Sexuality and the State

It’s time to decriminalize sex work

photo of lingerie and condoms

We need to talk about sex work.

Sex work and sex workers have been around as long as people have been engaged in commerce. Despite being one of the oldest professions on the planet, sex work remains a taboo to many people.

Oftentimes, when people hear the term “sex worker,” they think of street prostitution. But that’s far from the whole story. Sex workers are also dancers in strip clubs. They are performers on OnlyFans and similar websites. They are adult film actors. They are escorts and “sugar babies.” The list goes on. The bottom line? If you have ever been to a strip club or watched an adult film, you have been a consumer in the sex work industry – it’s not just about buying sex.

That said, sex workers who are in the business of selling in-person sex, whether on the street or online, are the most vulnerable workers in this industry and would benefit the most from the destigmitization and decriminalization of sex work.
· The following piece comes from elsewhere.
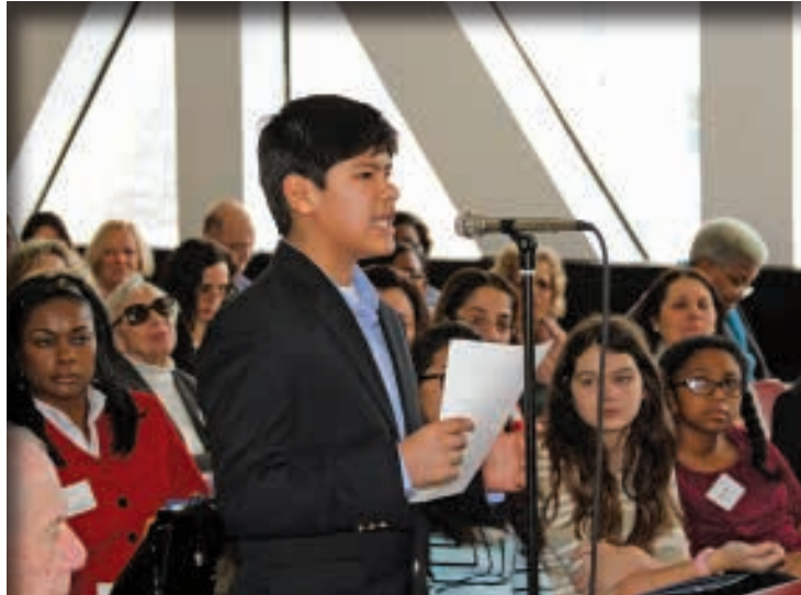
Above & below right: At our annual Children's Legislative Breakfast, presented in partnership with the Westchester Children's Association, Westchester youth had the opportunity to address legislators about issues facing young people.

We're all stakeholders when it comes to the future of Westchester's children. Our advocacy events and alerts keep the business and nonprofit communities, as well as parents, child care providers and elected officials, engaged and informed about the most pressing issues.

Because of the persistent taboo around sex work, in most communities in Pennsylvania and across the nation, sex workers face arrest and incarceration for doing their jobs. A run-in with police can also lead to coerced sex. The threat of being targeted by police drives many sex workers into situations that can often lead to sexual abuse, physical violence, or worse.

An arrest on charges of sex work can prevent someone from accessing an accurate ID, jobs, housing, healthcare, and other services. It can also lead to deportation for immigrants. Sex workers already face discrimination in many of these systems, and a criminal record and these collateral consequences further marginalizes and stigmatizes them.